The University and its metamorphoses.
| Jurisdiction | Australia |
| Author | Sharrock, Geoff |
| Date | 22 March 2002 |
Consider the metamorphoses that one man may go through in one day as he moves from one mode of sociality to another--family man, speck of crowd dust, functionary in the organization, friend. These are not simply different roles: each is a whole past and present and future, offering differing options and constraints, different degrees of change or inertia ... I know of no theory of the individual that fully recognizes this.
R. D. Laing, The Politics of Experience, 1967.
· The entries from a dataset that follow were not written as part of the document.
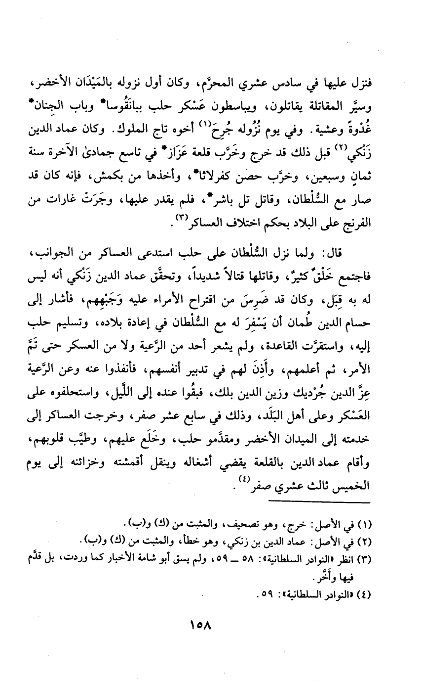 قَالَ وَلما نزل السُّلْطَان على حلب استدعى العساكر من الجوانب فَاجْتمع خلق كثير وقاتلها قتالا شَدِيدا وَتحقّق عماد الدّين زنكي أَنه لَيْسَ لَهُ بِهِ قبل وَكَانَ قد ضرس من اقتراح الْأُمَرَاء عَلَيْهِ وجبههم فَأَشَارَ إِلَى حسام الدّين طمان أَن يسفر لَهُ مَعَ السُّلْطَان فِي إِعَادَة بِلَاده وَتَسْلِيم حلب إِلَيْهِ واستقرت الْقَاعِدَة وَلم يشْعر أحد من الرّعية وَلَا من الْعَسْكَر حَتَّى تمّ الْأَمر ثمَّ أعلمهم وَأذن لَهُم فِي تَدْبِير أنفسهم فأنفذوا عَنهُ وَعَن الرّعية عز الدّين جرديك وزين الدّين بلك فبقوا عِنْده إِلَى اللَّيْل واستحلفوه على الْعَسْكَر وعَلى أهل الْبَلَد وَذَلِكَ فِي سَابِع عشر صفر وَخرجت العساكر إِلَى خدمته إِلَى الميدان الْأَخْضَر ومقدمو حلب وخلع عَلَيْهِم وَطيب قُلُوبهم وَأقَام عماد الدّين بالقلعة يقْضِي أشغاله وينقل أقمشته وخزائنه إِلَى يَوْم الْخَمِيس ثَالِث عشري صفر
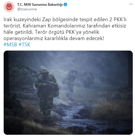 Yapılan açıklamada, "Irak kuzeyindeki Zap bölgesinde tespit edilen 2 PKK'lı terörist, kahraman komandolarımız tarafından etkisiz hale getirildi. Terör örgütü PKK'ya yönelik operasyonlarımız kararlılıkla devam edecek" ifadelerine yer verildi.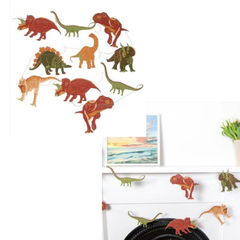 From Tyrannosaurus to Triceratops, this garland has ten prehistoric dinosaurs spread across Three Metres! The garland is printed on both sides on thick, hand made cotton paper. The shapes are sewn in a random order along strong cotton thread, with hanging loops either end, meaning you can hang your garland straight away!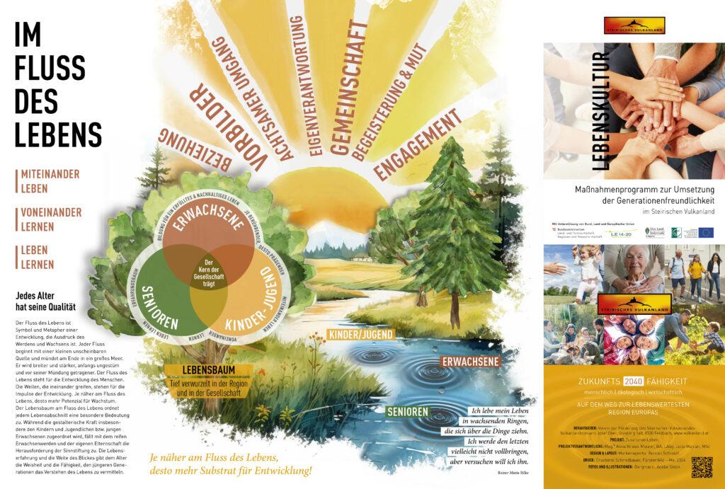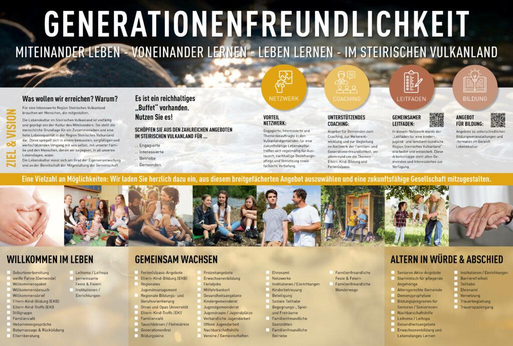 Ein neuer Folder stellt das lokale Angebot für alle Generationen in den Fokus und soll auch ein Appell zum Mitgestalten sein. Diese Sammlung von Initiativen, die es allesamt bereits in unterschiedlicher Ausprägung in Gemeinden des Steirischen Vulkanlands gibt, tragen dazu bei, dass Miteinander von Jung und Alt nachhaltig zu stärken, generationenübergreifende Begegnungen zu fördern und die Lebensqualität für alle Generationen zu erhöhen.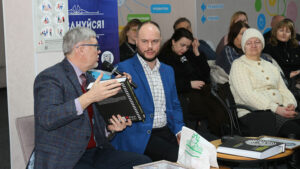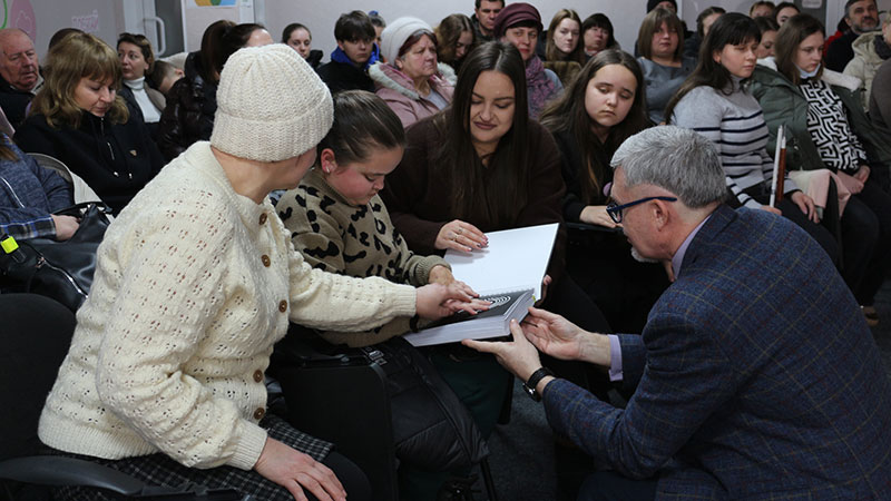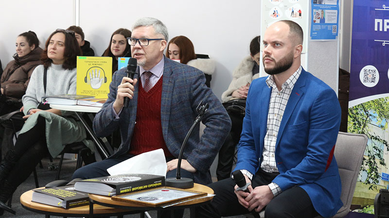 Про особливості задуму й реалізації другої версії «Українсько-англійського тематичного словника» шрифтом Брайля говорив автор задуму й натхненник виконання Ярослав Сидоренко – український педагог, перекладач, автор інноваційних освітніх проєктів і публікацій, експерт із питань освіти та інклюзії. Цього разу в назві книги відбилася її тематична спрямованість: «Побут і щоденне спілкування», підкреслюючи значимість в повсякденні для людей з порушеннями зору, котрі не зупиняються в своєму поступі й прагнуть до здобуття нових знань.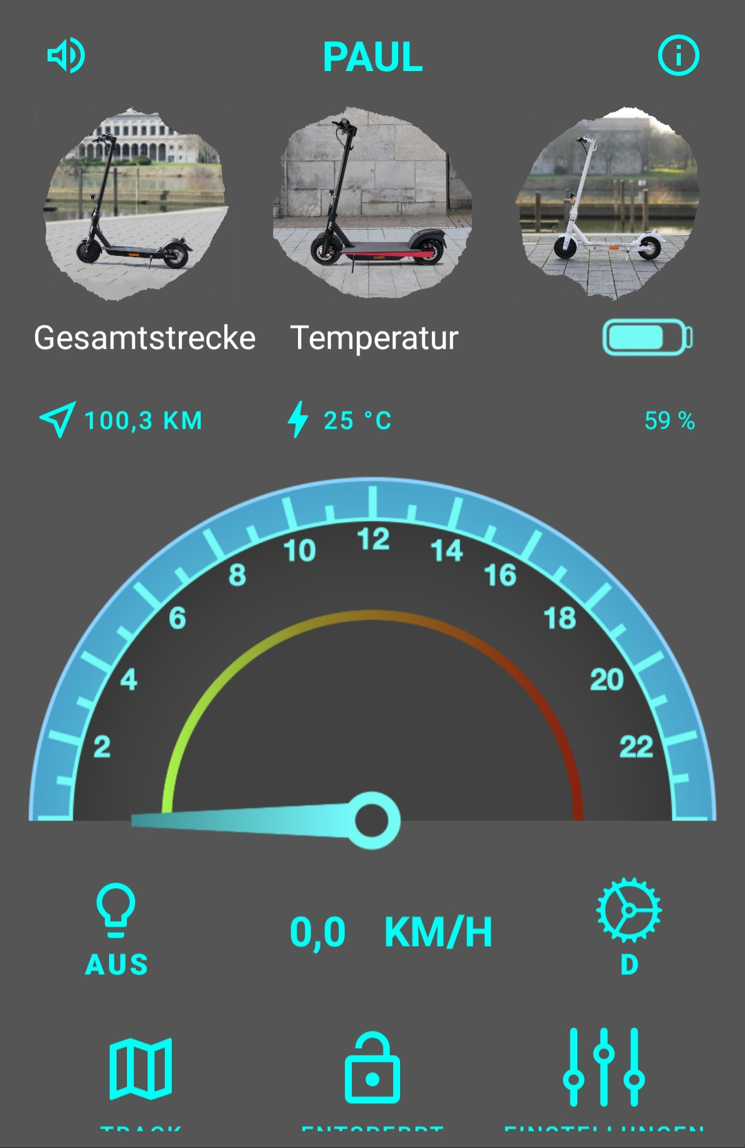 Die App ist ein etwas nützlicher Helfer. Brauch ich nicht so wirklich. In der App für mich wichtig, das man umstellen kann zwischen Anschieben und fahren oder aus dem Stand anfahren was mir persönlich besser gefällt. Dann die Codesperre womit man den Paul sperren kann………. Naja, besser Anschließen an einem festen Pfeiler. Besser ist das.

A Scene from the Present Debate
In Hannie Rayson's award-winning play, Life After George, we see George--the left-wing, Oxford-educated professor of history--arguing with Lindsay, his former student, now ex-wife. (1) As dean of a faculty in a fictitious university not unlike the University of Melbourne, Lindsay faces a looming budget deficit. She is moving to close the French department, and replace existing courses with vocational, income-generating courses. She says students want jobs when they graduate, and that as clients they should get what they want. She argues for links with the corporate sector to supplement the faculty's budget. George is outraged. 'Students aren't customers,' he says. 'We can't just give them what they want. They don't know what they want until after they've heard what we have to tell them. We should be producing educated citizens; not corporate fodder! And I won't work for those corporate bastards! All they care about is business!' (2)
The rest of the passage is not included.